I have never been afraid to tell people that I go to Weight Watchers.  I am proud that I have never been uncomfortable letting anyone know that I am overweight and I need help.  I realized in 2003 that I could not take the weight loss journey on my own.  I needed a support system of people who were in the exact same place that I was.  I knew that if I had to step on a scale and have someone tell me how good or bad I had done that week that I was going to try and have more good weeks than bad.  We are all human so of course we will never be perfect, and we will have plenty of ups and downs on any path we take in this life.  Weight loss is no different than motherhood.  It is hard as hell but it is so rewarding at the same time.

If I were an alcoholic I would go to AA, if I was a drug addict I would go to NA, I am a food addict so I go to Weight Watchers.  We have weekly meetings and the members share their stories about their day, week or even their entire journey so far.  It is comforting to know that you are not alone and that it is possible to change your habits and lose the weight.  I have often been in situations where I know that I am the fat girl and I wonder if people are looking at me that way.  You know the old, “she has such a pretty face and would be so attractive if she lost the weight”.  I don’t see myself as a beautiful person but I know that people have seen me as the fat girl.  When I go to a Weight Watchers meeting I don’t ever wonder what anyone thinks of me.  In that hour I know that I will not be judged and I will not judge anyone else.  We are all in this together for better or worse, almost like a marriage.  We all cheer each other on when we have a victory on the scale and we cheer each other up when we have a bad week.  It is hard to walk through that door for the first time, but once you do your life will be changed.

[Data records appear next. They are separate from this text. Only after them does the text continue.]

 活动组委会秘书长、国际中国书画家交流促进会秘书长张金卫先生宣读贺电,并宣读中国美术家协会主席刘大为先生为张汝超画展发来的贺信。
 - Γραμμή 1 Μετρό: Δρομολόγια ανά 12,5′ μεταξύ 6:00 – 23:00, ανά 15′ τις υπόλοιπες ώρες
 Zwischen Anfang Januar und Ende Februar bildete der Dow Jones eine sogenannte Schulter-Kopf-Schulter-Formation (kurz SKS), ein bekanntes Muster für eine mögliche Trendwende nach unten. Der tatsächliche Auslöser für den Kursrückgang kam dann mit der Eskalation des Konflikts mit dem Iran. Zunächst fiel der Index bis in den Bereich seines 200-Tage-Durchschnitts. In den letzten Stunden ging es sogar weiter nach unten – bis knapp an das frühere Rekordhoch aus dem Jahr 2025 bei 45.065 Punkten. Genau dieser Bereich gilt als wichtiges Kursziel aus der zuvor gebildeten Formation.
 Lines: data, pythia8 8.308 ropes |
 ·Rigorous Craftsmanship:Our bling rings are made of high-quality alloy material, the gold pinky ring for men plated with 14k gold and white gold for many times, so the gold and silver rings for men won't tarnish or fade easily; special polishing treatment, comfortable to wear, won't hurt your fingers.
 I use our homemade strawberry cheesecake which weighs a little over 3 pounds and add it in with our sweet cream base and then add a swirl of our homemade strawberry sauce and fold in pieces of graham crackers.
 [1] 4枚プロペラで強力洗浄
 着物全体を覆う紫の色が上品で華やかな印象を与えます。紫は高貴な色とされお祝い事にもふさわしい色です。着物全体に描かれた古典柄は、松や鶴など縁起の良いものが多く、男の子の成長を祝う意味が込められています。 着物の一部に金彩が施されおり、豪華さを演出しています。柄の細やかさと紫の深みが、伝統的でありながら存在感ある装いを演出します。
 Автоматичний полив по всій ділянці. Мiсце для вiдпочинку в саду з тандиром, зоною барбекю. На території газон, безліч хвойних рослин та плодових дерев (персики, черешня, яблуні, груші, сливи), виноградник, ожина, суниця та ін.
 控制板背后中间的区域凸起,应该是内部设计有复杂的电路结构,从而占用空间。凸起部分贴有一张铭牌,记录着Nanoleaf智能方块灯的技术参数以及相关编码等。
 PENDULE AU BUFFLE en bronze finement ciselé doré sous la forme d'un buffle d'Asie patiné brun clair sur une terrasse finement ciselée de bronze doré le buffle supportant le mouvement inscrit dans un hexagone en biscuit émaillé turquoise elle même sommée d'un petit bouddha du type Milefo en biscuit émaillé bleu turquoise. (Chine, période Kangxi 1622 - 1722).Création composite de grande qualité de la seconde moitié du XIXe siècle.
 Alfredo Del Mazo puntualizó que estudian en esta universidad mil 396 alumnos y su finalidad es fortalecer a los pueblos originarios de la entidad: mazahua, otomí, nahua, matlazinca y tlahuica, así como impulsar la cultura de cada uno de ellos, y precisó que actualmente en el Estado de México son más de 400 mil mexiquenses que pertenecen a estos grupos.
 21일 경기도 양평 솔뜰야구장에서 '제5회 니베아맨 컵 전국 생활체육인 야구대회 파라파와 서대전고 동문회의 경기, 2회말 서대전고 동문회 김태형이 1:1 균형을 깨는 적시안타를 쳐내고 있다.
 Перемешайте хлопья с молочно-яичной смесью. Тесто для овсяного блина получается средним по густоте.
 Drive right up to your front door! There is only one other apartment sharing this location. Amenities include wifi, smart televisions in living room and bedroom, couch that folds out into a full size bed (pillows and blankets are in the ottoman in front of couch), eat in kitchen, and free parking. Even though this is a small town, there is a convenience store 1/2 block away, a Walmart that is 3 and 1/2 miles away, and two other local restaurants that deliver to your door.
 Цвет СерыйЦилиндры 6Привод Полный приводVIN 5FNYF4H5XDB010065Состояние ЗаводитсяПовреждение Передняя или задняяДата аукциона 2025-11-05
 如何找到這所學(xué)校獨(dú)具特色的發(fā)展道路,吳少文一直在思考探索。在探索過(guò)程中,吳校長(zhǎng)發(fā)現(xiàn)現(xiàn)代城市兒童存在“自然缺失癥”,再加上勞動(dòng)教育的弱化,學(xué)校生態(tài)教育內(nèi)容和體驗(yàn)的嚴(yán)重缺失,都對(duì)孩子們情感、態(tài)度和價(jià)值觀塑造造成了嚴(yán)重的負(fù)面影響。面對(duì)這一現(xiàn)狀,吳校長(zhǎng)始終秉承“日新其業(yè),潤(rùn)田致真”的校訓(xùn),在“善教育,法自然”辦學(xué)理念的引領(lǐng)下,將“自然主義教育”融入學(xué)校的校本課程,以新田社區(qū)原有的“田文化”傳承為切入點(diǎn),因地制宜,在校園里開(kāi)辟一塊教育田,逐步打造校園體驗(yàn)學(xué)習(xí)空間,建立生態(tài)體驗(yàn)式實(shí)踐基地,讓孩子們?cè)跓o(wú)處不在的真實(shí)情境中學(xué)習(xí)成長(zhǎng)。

Yesterday was an amazing day for me.  I weighed in and lost another 3.2 pounds for a total of 20 pounds.  I was hoping to get there last week but I didn’t get down about it and now I have one pound left to get to my 10%.  I honestly believe that the hypnosis worked for me.  I have seen a loss on the scale every week since I did it and that has kept me going.  I need to start to get in more exercise so I can get these last 32 pounds off of me before the summer.  Bikini here I come!

 I got to meet my nephew Charlie yesterday!